How to judge whether blockchain is healthy? Trading speed and trading volume are the main indicators. Strong and active blockchain transactions are stable, while low activity is a red flag. Total locked value (TVL) is another key metric because if DeFi users trust a chain, they lock funds into their protocol. The TVL drop indicates that the user is leaving.

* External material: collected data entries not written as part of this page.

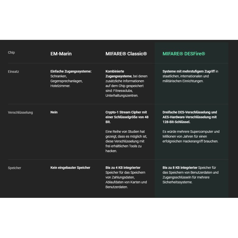 Für Anwender funktioniert der kontaktlose Zugang intuitiv. Für die Unscharfschaltung des Systems müssen Sie lediglich eine Karte oder Schlüsselanhänger an Keypad halten. Doch hinter dieser anwenderfreundlichen Bedienung steckt eine beeindruckende Technologie. Die Karten der Pass-Reihe und Schlüsselanhänger Tag sind mit DESFire® Chips ausgestattet. Wir haben sie mit den Chips verglichen, die in den meisten Zugangssystemen auf der ganzen Welt verwendet werden.
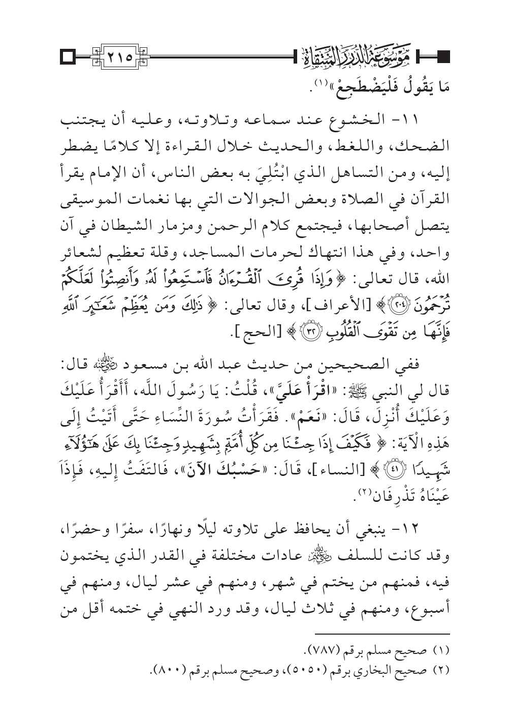 ١١ - الخشوع عند سماعه وتلاوته، وعليه أن يجتنب الضحك، واللغط، والحديث خلال القراءة إلا كلامًا يضطر إليه، ومن التساهل الذي ابْتُلِيَ به بعض الناس، أن الإمام يقرأ القرآن في الصلاة وبعض الجوالات التي بها نغمات الموسيقى يتصل أصحابها، فيجتمع كلام الرحمن ومزمار الشيطان في آن واحد، وفي هذا انتهاك لحرمات المساجد، وقلة تعظيم لشعائر الله، قال تعالى: {وَإِذَا قُرِئَ الْقُرْآنُ فَاسْتَمِعُوا لَهُ وَأَنْصِتُوا لَعَلَّكُمْ تُرْحَمُونَ (٢٠٤)} [الأعراف]، وقال تعالى: {ذَلِكَ وَمَنْ يُعَظِّمْ شَعَائِرَ اللَّهِ فَإِنَّهَا مِنْ تَقْوَى الْقُلُوبِ (٣٢)} [الحج].
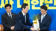 이재명 대통령의 축하 난 전달하는 우상호 정무수석
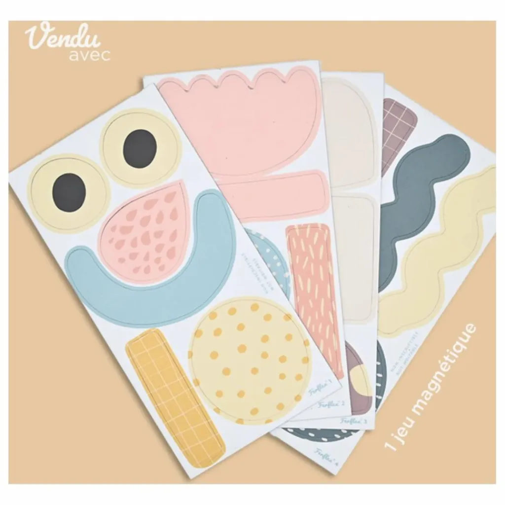 Facile à installer grâce à son adhésif repositionnable, il adhère aux surfaces lisses comme les murs, portes, meubles. Sa surface magnétique attire tous types d’aimants.OFFERT avec votre tableau : un set de formes géométriques aimantées pour jouer et créer dès la réception de votre support magnétique.
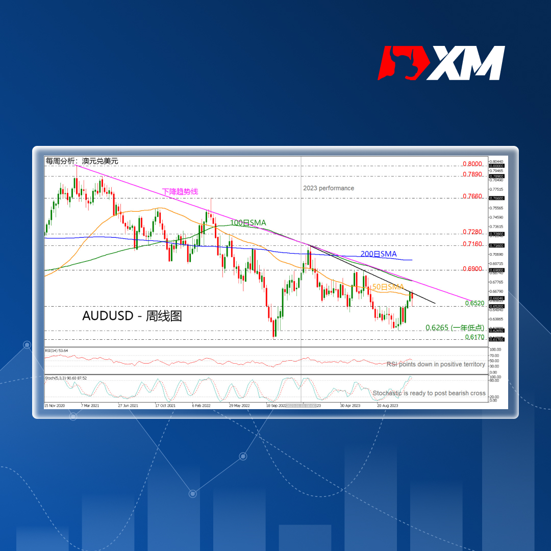 随着2023年接近尾声,AUDUSD继续维持自2021年2月开始的下跌走势。目前,该货币对正在测试自1月以来绘制的下降趋势线及50周移动平均线(SMA)。
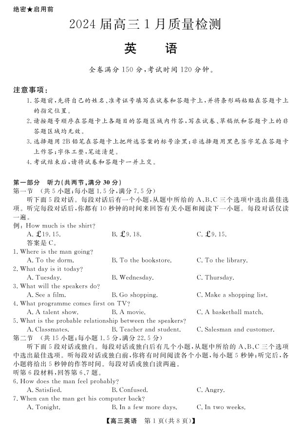 2024届河南省金科大联考高三上学期1月质量检测英语
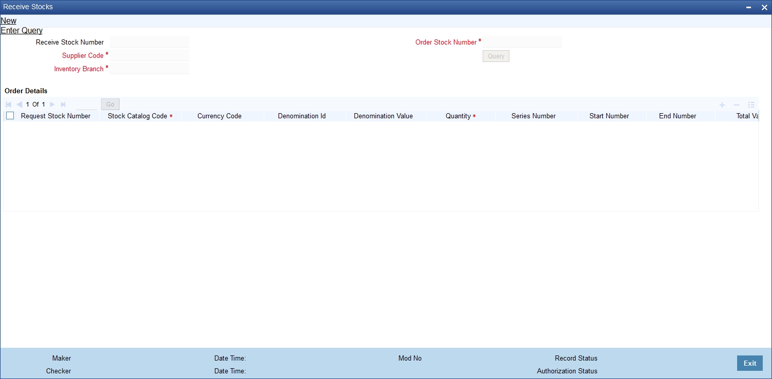 Since stocks are received against purchase orders, this screen accepts the order stock number as input.
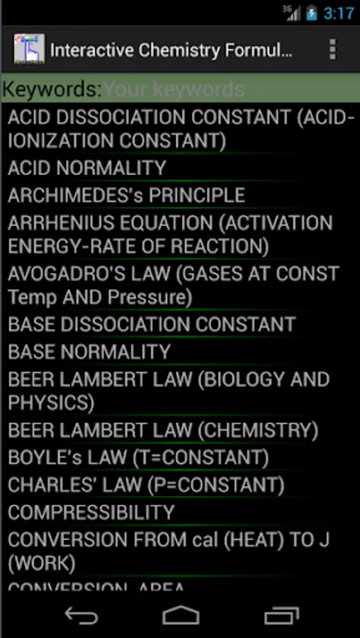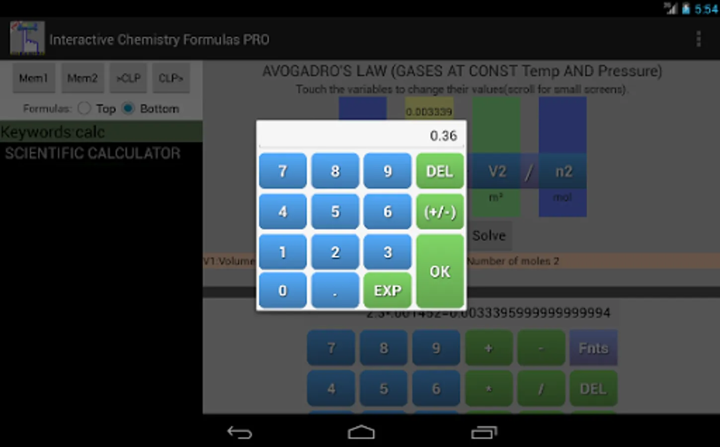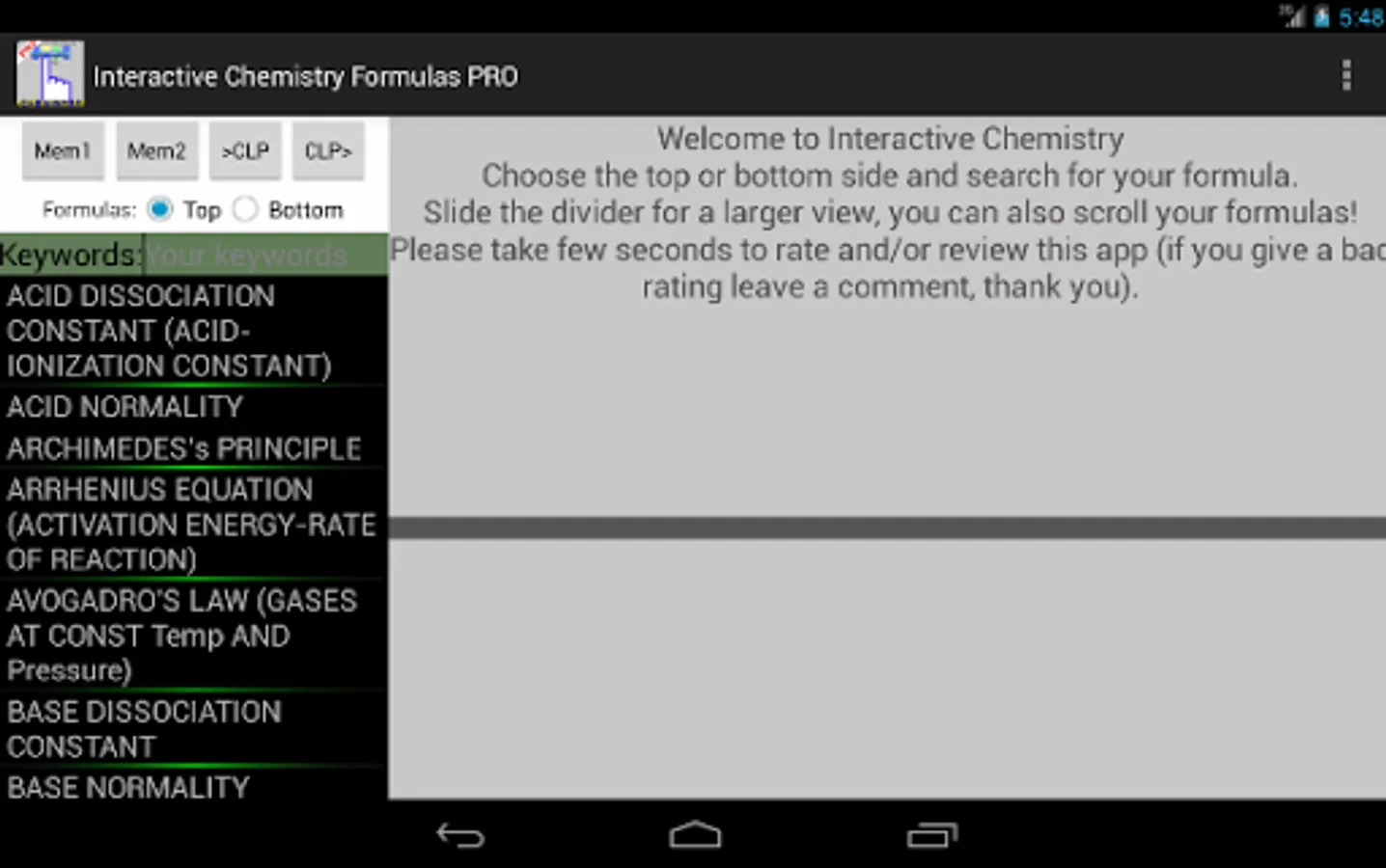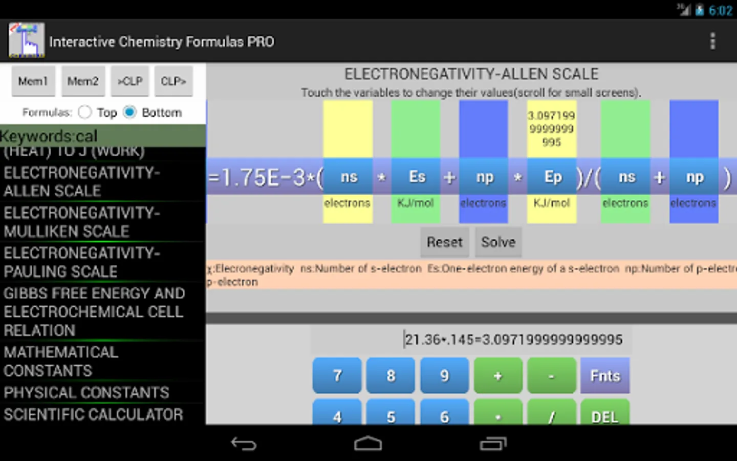 Interactive Chemistry PRO is ideal for students and graduates, you will find a variety of useful formulas for your daily calculus, you can enter a value by touch and solve any variable of the equation, the interactive feature of the formulas makes it easy to avoid typing or human errors.

Developer activity is also crucial. Is there a new project launched? Is there continuous development? A stagnant developer ecosystem often heralds problems. The number of validators and nodes is also important. A large number of validators demonstrate decentralization and cybersecurity. Finally, liquidity and on-chain economy also play an important role. If liquidity drys up, the future of blockchain will be at stake.
If developers and founding teams cannot scale on the original basis, they will migrate across blockchains. This comes at a price, and often requires rebuilding skills and user base. But migration of multiple items from one chain may indicate a bearish trend in that chain and vice versa.
For example, on April 3, 2025, the game project Infecteddotfun announced that it will be migrating from Base to Solana due to difficulties in scaling. The project's popular speculative simulation game attracted 130,000 registered users in 48 hours, causing a surge in trading demand for Base, causing Gas prices to soar and game interruptions. The team pointed out the limitations of the Ethereum virtual machine chain and favored Solana's user-centric culture and strong user base.
6. What makes blockchain reborn?
So, can a dead blockchain be reborn? Sometimes this is not the case. The key is to find reasons for people to return. New use cases can rekindle interest, especially if it solves real problems. Protocol upgrades that improve scalability, expense or interoperability can also rekindle people's enthusiasm.
Strong incentives, such as grants, airdrops or liquidity rewards, can attract developers and users to the network. In some cases, troubled projects will turn to Layer-2 solutions, or merge with more active ecosystems to maintain relevance.
But most importantly, a thriving community with confidence in the future of blockchain can lead it to recover from its predicament. Solana’s rise from the collapse of FTX with its firm community spirit is a case worth learning from.
The blockchain world is changing rapidly. Some networks are booming, while others are gradually disappearing. What can stand tall are networks with strong community support, practicality and continuous innovation. If blockchain is silent today, it doesn't mean it's gone forever, but it takes more than wishful thinking to revive it.